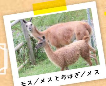
モス/メスとおはぎ/メス

2023年7月6日に市原ぞうの国(千葉県)から来園しました。おはぎはまだ幼く、モスは成長したラマです。おはぎはトレーニングを重ね、秋の動物ふれあいフェスティバルで動物パレードに参加しました。
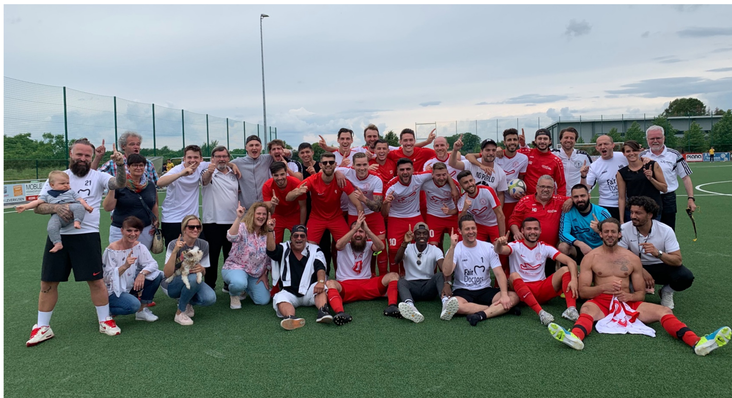
Dem Aufstieg folgte die Meisterschaft

Am 6. Spieltag sprang die SpVg. Porz an die Tabellenspitze der Bezirksliga Staffel 1 und ließ sich seitdem nicht mehr vom Platz an der Sonne verdrängen. Nun steht fest, dass die Porzer auch am Ende der Saison oben stehen werden. Das 2:2-Unentschieden beim TuS Marialinden bescherte ihnen vorzeitig die Meisterschaft.
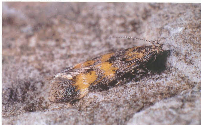
Abb. 14: Athrips amoenella .
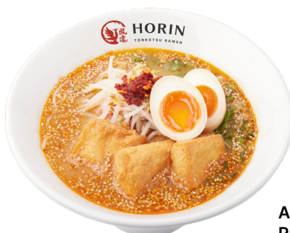
Any Vegetarian Ramen Collection ベジタリアンラーメン
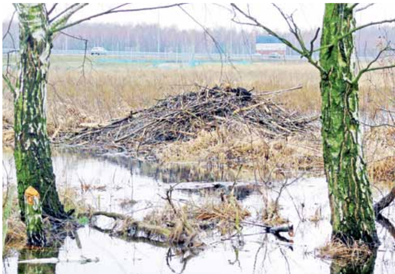
Bobry w sąsiedztwie Polesia zalały łąki, a na rozlewisku wybudowały żeremie. W tle widać autostradę A2.

Woda spiętrzona jest na wysokość około 80 cm.
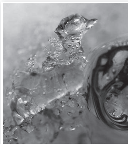
Kora tavaszi „jégmadár”
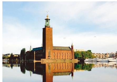
授賞式典会場「ストックホルム市庁舎」

モンドセレクションとは1961年に設立されたベルギーに本部を置く国際的な品評機関です。世界中の製品を審査する品評会としては、食品分野においては最も歴史があるといわれ、今年では世界中から3200点以上の製品が応募されました。もともとは菓子類を対象としていましたが、その後様々な食品分野へカテゴリーが拡大されて行き近年では化粧品などの非食品分野を対象とした部門も設けられています。出品された製品に対する審査は、訓練を受けた専門パネラーによる味覚検査とともに、分析機関による衛生検査や

_____

Problem to solve: Only one part of the material above is wanted: the lines from the one with "Any Vegetarian Ramen Collection ベジタリアンラーメン" up to and including the one with "授賞式典会場「ストックホルム市庁舎」". Please copy them exactly, pictures left out.

Exercise result:
Any Vegetarian Ramen Collection ベジタリアンラーメン
Bobry w sąsiedztwie Polesia zalały łąki, a na rozlewisku wybudowały żeremie. W tle widać autostradę A2.

Woda spiętrzona jest na wysokość około 80 cm.
Kora tavaszi „jégmadár”
授賞式典会場「ストックホルム市庁舎」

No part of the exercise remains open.